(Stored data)
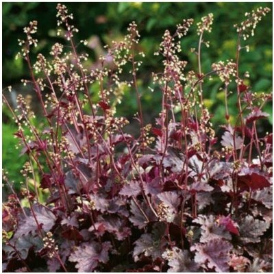Энергично растущий многолетник, образующий куртины высотой 30 см. Листья красивой формы, сердцевидные, интенсивно вишнево-красные, долго декоративны. Стройные соцветия из мелких бежевых цветков высотой 60 см. Растения подходят для посадки на клумбах, для создания бордюров, для посадки в альпинариях, а также в контейнерах для украшения террас и балконов, а также для покрытия больших площадей. Высаживать большими группами по 10–20 штук
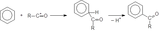 Имеются, однако, некоторые указания, согласно которым, если бы комплекс с AlCl3 не возникал, то кетон образовывал бы комплекс с ионом ацилия, который не мог бы атаковать основной субстрат, в данном случае бензол.
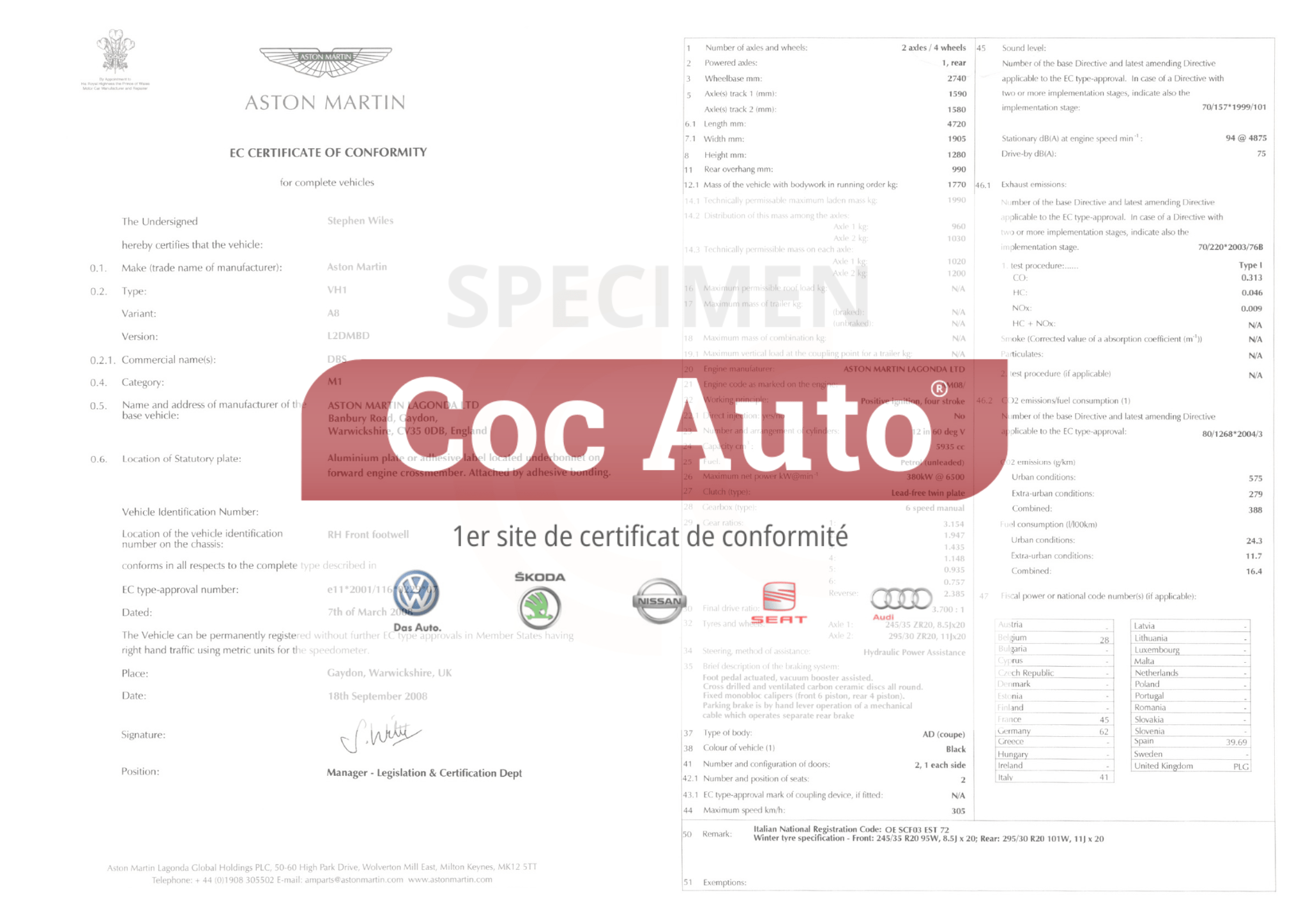 Certificat de conformité Aston Martin (COC Aston Martin)
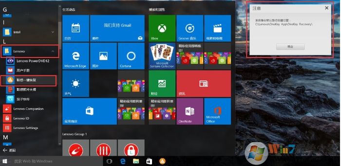 第二步:启动联想一键恢复APP,注意:为避免电量过低导致失败,请连接充电器。(后面系统也会有提示)
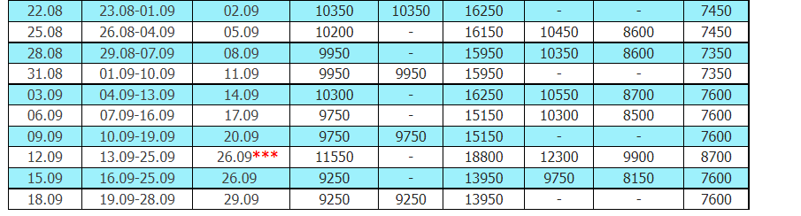 В стоимость входит: проезд на комфортабельном автобусе, проживание в гостинице 10 дней / 9 ночей, страховка пассажиров от несчастного случая на время пути, сопровождающий на маршруте.

— Task objective —
Take the records above from the line with "Certificat de conformité" down to their last line and please copy those lines exactly, without the pictures.

— Expected answer —
 Certificat de conformité Aston Martin (COC Aston Martin)
 第二步:启动联想一键恢复APP,注意:为避免电量过低导致失败,请连接充电器。(后面系统也会有提示)
 В стоимость входит: проезд на комфортабельном автобусе, проживание в гостинице 10 дней / 9 ночей, страховка пассажиров от несчастного случая на время пути, сопровождающий на маршруте.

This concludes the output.